Some of that skepticism remains. Across the country, the cannabis industry is weighing whether to join forces with the UFCW, now the most influential union in cannabis, which reps more than 10,000 marijuana workers in 14 states. It has negotiated contracts with major operators like MedMen, helped legitimize the movement for cautious politicians, and hammered out pro-worker provisions in multiple state legislatures. But, as the UFCW’s influence grows, so does its list of critics, who say the union sometimes works against the goals of the larger cannabis movement.

In 2007, long before most other big unions were interested, the UFCW began courting weed workers in California, cannabis’s biggest and most important battleground state. Back then, long before full legalization, working conditions varied wildly behind “Redwood Curtain,” far from the eyes of courts and labor regulations. There were beloved mom-and-pop operations where employees had personal chefs and massage therapists, and could earn a year’s wages from 3 months of trimming. There were also LED-lit nightmares where employees were paid in product, worked at gunpoint and female employees were sexually harassed or trafficked.
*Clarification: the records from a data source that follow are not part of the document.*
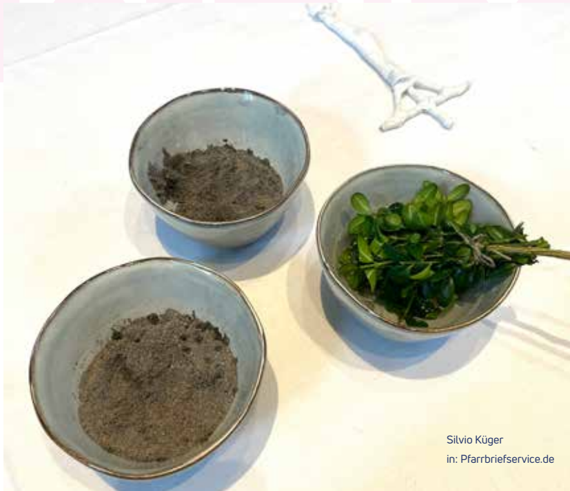
Silvio Kuger in: Pfarrbriefservice.de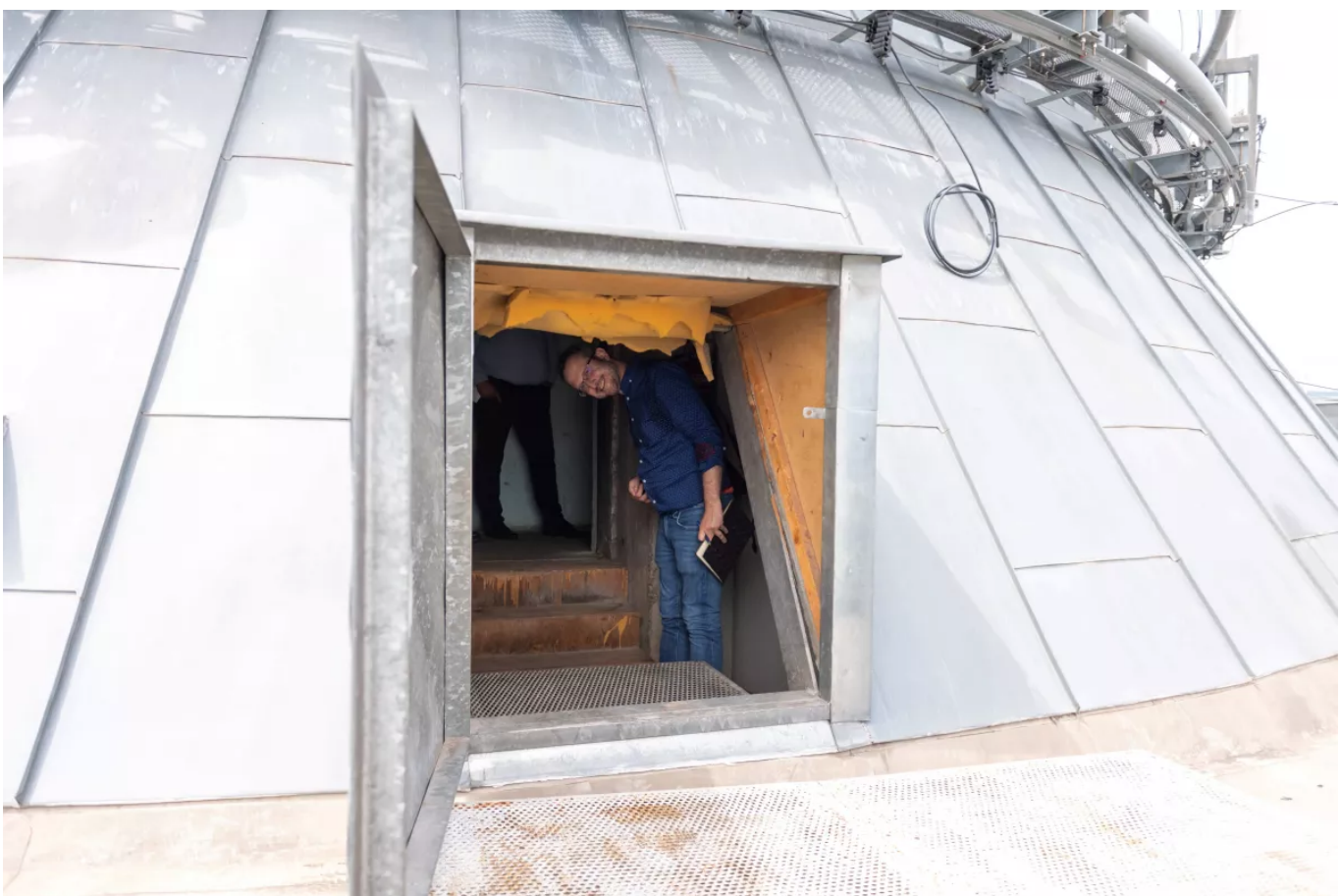
A Körszálló tetején igyekszem kifelé

...korszállóban károsultakba éppen be lehet jutni, mint száraz káoszba.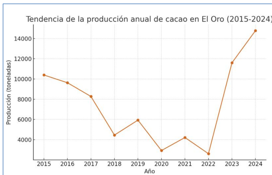
Figura 1. Tendencia de la producción anual de cacao 2015-2024.

Una vez organizada la información, se realizó el análisis exploratorio de los datos, elaborando gráficos de tendencia y calculando las tasas de crecimiento anual para evaluar el comportamiento general de la producción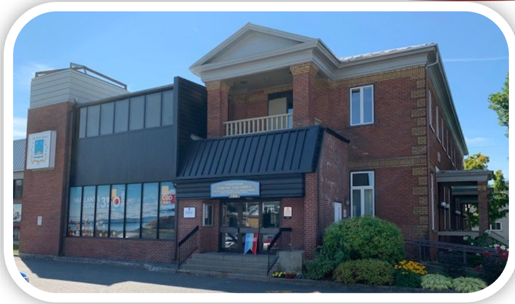
Centre culturel de Cap-Saint-Ignace où se situe la Salle Léandre Boutin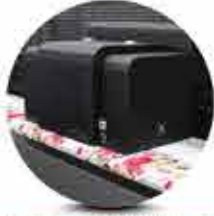
Endüstriyel Baskı Kafaları 5-14 Piköltre Ayarlanabilir Damla Hacimleri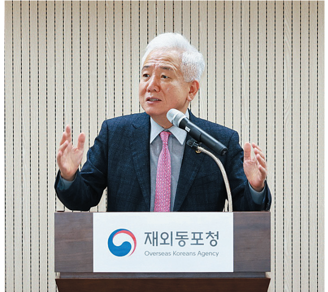
이상덕 재외동포청장이 지난 2월 11일 인천 송도 소재 재외동포웰컴센터에서 열린 신년 브리핑에서 재외동포들의 모국 기여 사례를 발굴해 2025년부터 ‘이달의 재외동포’를 신설하겠다고 밝히고 있다.

이외에도 재외동포청은 재외동포에 대한 국민들의 인식 제고를 위해 ‘재외동포에 대한 내국인 인식조사’를 비롯해 재외동포의 개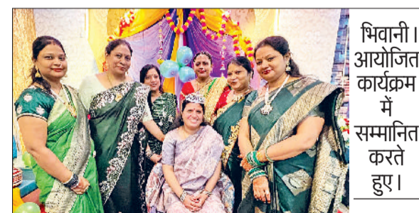
भिवानी। आयोजित कार्यक्रम में सम्मानित करते हुए।

महिलाओं के बीच आपसी सौहार्द व सहयोग की भावना को बढ़ावा देना था कार्यक्रम का उद्देश्य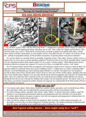
Il Beacon di ottobre 2017 è basato sulla fiaba "Al lupo al lupo" di Esopo.

Senza queste esperienze, per utilizzare in sicurezza gli impianti, si può fare affidamento sulle procedure, la formazione e le esercitazioni. Se manca il collegamento tra “cosa fare” e “perché si fa così” si rischia di diventare compiacenti. Perché dobbiamo rispettare tutte queste procedure di sicurezza di processo per prevenire incidenti che non avvengono mai? Ci scordiamo però che gli incidenti non avvengono spesso perché stiamo seguendo le procedure richieste. Esiste quindi il rischio che le procedure non vengano seguite rigorosamente. Compiacenza e mancanze nel seguire le procedure sono alcuni dei primi passi nel percorso che conduce ad un futuro incidente.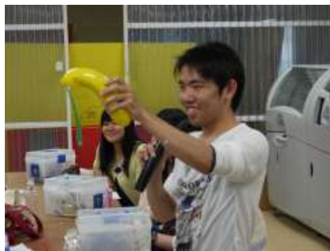
写真3 プレゼンテーション風景 最終回の授業で、各自がどのような考え方でラジオの外観を設計したかについて、プレゼンテーションを行った。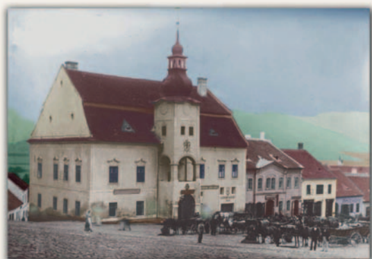
Fotoateliér Pavel Smékal Janáčkova 102, Tišnov

otevřeno 8. 6. - 16. 6. 2013 od 9 do 18 hodin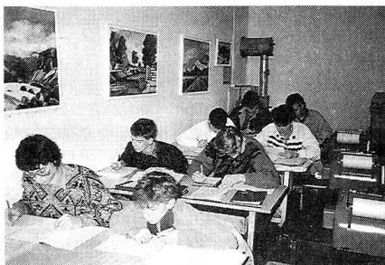
Die Kursteilnehmer bei der Prüfung über den Starkstrombefehl.

Zurzeit steht der Starkstrombefehl auf dem Kursprogramm. Dabei geht es darum, dass jeder angehende Übermittlungssponier eine Leitung anhand der Masten identifizieren kann und weiss, ob und wie er in der Nähe solcher Leitungen Truppenleitungen bauen darf. Ebenfalls muss er auch Auskunft geben können, wie hoch die Spannungen dieser Leitungen sind. Im weiteren geht es darum, was zu tun ist bei einem Starkstromunfall.

We looked at the cannabis industry and said the union could use its political power to bring forward the good players out of the black market, and bring some credibility and establish a legitimate industry,” says Jim Araby, of Northern California’s UFCW Local 5. Other UFCW chapters followed suit, hoping they could use marijuana to create good jobs and business ownership instead of prisoners.

“Our members live in communities that have been disproportionately affected by the War on Drugs,” says Nikki Kateman from RWDSU/UFCW Local 338, which works in New York state. “We want to right the wrongs our members have experienced.”
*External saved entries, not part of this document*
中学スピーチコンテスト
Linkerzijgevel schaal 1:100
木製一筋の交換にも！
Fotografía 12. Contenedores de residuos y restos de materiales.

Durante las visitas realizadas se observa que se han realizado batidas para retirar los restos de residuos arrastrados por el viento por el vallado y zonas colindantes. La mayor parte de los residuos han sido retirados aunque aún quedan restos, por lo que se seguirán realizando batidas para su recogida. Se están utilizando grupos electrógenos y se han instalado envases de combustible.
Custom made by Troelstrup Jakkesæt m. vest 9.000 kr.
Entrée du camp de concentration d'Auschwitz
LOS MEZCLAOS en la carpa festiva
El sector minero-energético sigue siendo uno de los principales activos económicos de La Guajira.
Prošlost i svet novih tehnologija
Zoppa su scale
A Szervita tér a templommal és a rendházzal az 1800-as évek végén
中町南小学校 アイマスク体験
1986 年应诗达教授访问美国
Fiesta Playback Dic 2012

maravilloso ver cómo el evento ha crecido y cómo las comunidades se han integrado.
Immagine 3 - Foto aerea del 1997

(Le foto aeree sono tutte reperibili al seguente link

By 2011, the union launched a national cannabis organizing campaign, and advocates say partnering with a national labor organization finally got politicians to trust them because it meant officials were working with a familiar partner. “Having them participate in a lot ways helped to legitimize cannabis in the eyes of some of our legislators,” says Kristin Nevedal, executive director of the International Cannabis Farmers Association and member of the California Bureau of Cannabis Control’s cannabis advisory committee. She has worked on multiple statewide policy efforts alongside UFCW. “[Unions] had these relationships that as patient advocates we hadn’t established. These are decades-long relationships with governments.”

The union also provoked the National Labor Relations Board into clarifying its stance on cannabis worker protections. According to Myrna L. Maysonet, a labor attorney at law firm Greenspoon Marder LLP, the Board had been cautious about getting involved with marijuana businesses until the UFCW came along. “For the longest time, the NLRB wasn’t stepping in because selling marijuana was illegal, and how can you protect rights that are illegal?” she said.
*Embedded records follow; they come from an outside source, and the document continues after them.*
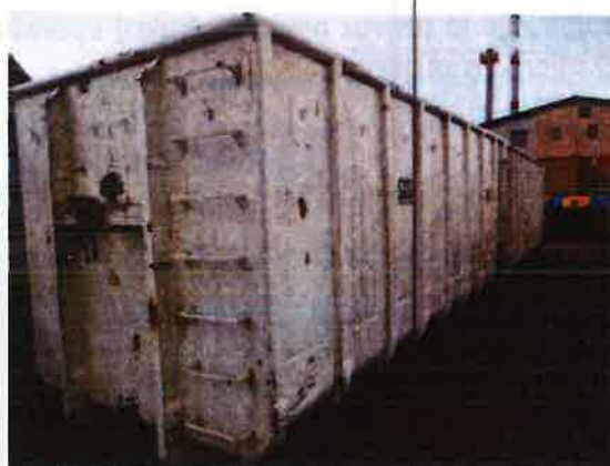
Fotografija 15 in 16: Kontejnerji različnih volumnov za zbiranje kosovnih in drugih odpadkov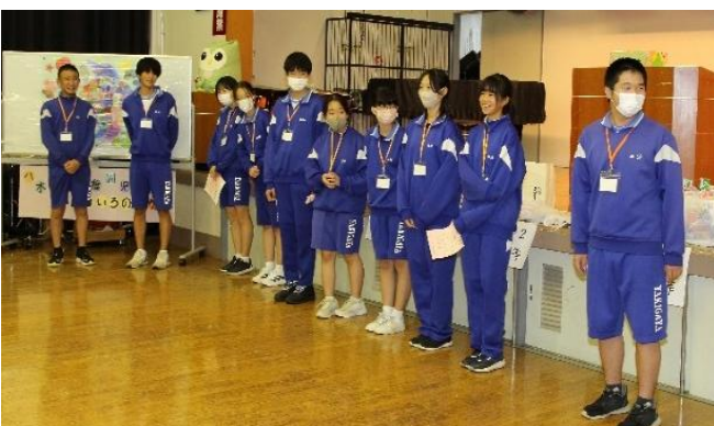
今年も大活躍八木が谷中学校のみなさん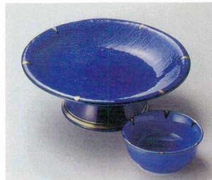
04409-179 エンカ巻刺身 4,400円 40入 (16.5×5.2cm) 04410-179 エンカ巻千代久 1,100円 150入 (7.5×3cm)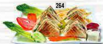
264 كلوب اسباني Spanish Club DHS. 14.00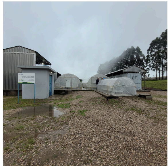
Foto 12: Projeto Semi Industrial de Biofixação de CO2 com Microalgas.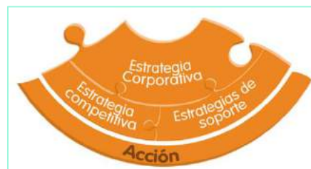
Gráfico No. 3 Detalle del componente de acción

La estrategia corporativa se encarga de orientar al Grupo empresarial en su visión de largo plazo, la estrategia competitiva focaliza la acción de los negocios en el mercado desarrollando propuestas de valor y modelos de negocio consistentes con las necesidades de sus clientes y usuarios, y la estrategia funcional apoyando a los negocios, brindando servicios de alto valor representados en dotar a los productos y servicios que éstos ofrecen, de eficiencia y diferenciación.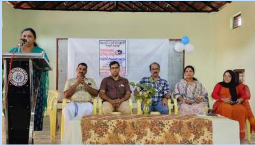
ജാഗ്രതാ സമിതി ഉദ്ഘാടനം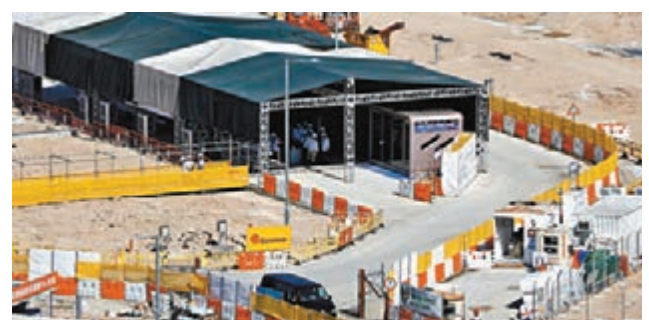
首批約800個單位的工程已接近尾聲。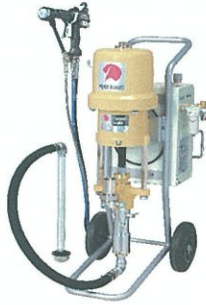
エアラップ静電ガン Te-Top APEG100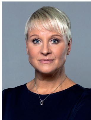
Anna Tenje (M) Äldre- och socialförsäkrings- minister Socialdepartementet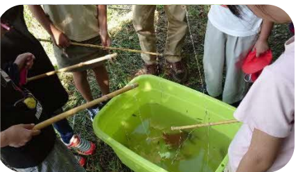
ザリガニ釣れたかな？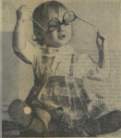
И Я ТОЖЕ БАБУШКА.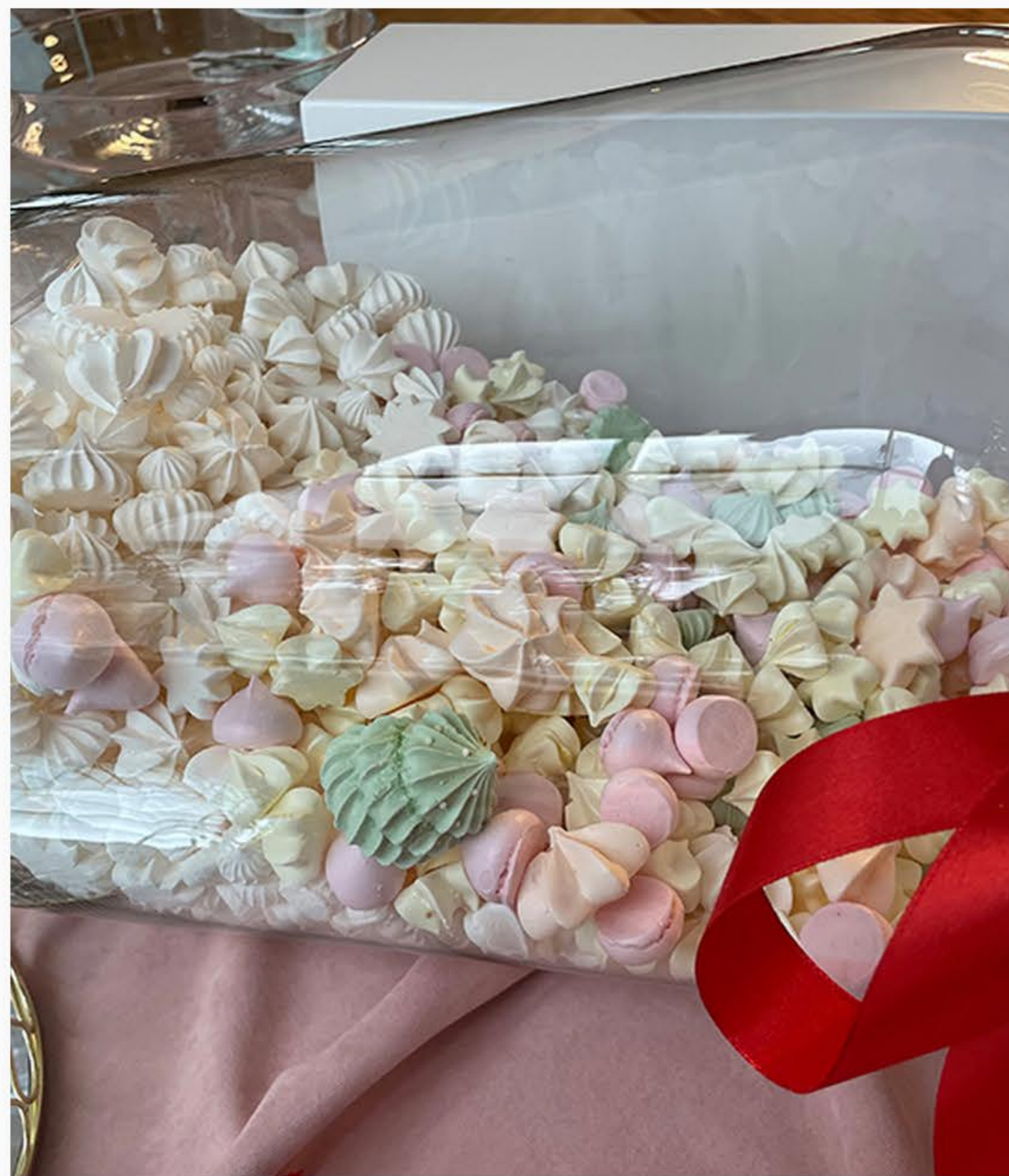
BEZY W SŁOJU (OK. 1,5 KG)

In 2013, the UFCW backed employees of Wellness Connection of Maine, a medical marijuana distributor, who complained of health hazards and union-busting from management. Wellness Connection settled with the workers, but in the course of the dispute, the NLRB issue a 2013 advisory memo concluding that cannabis workers are protected by labor laws. This, according to the UFCW, was a national first. (The NLRB declined to comment on its current policy.)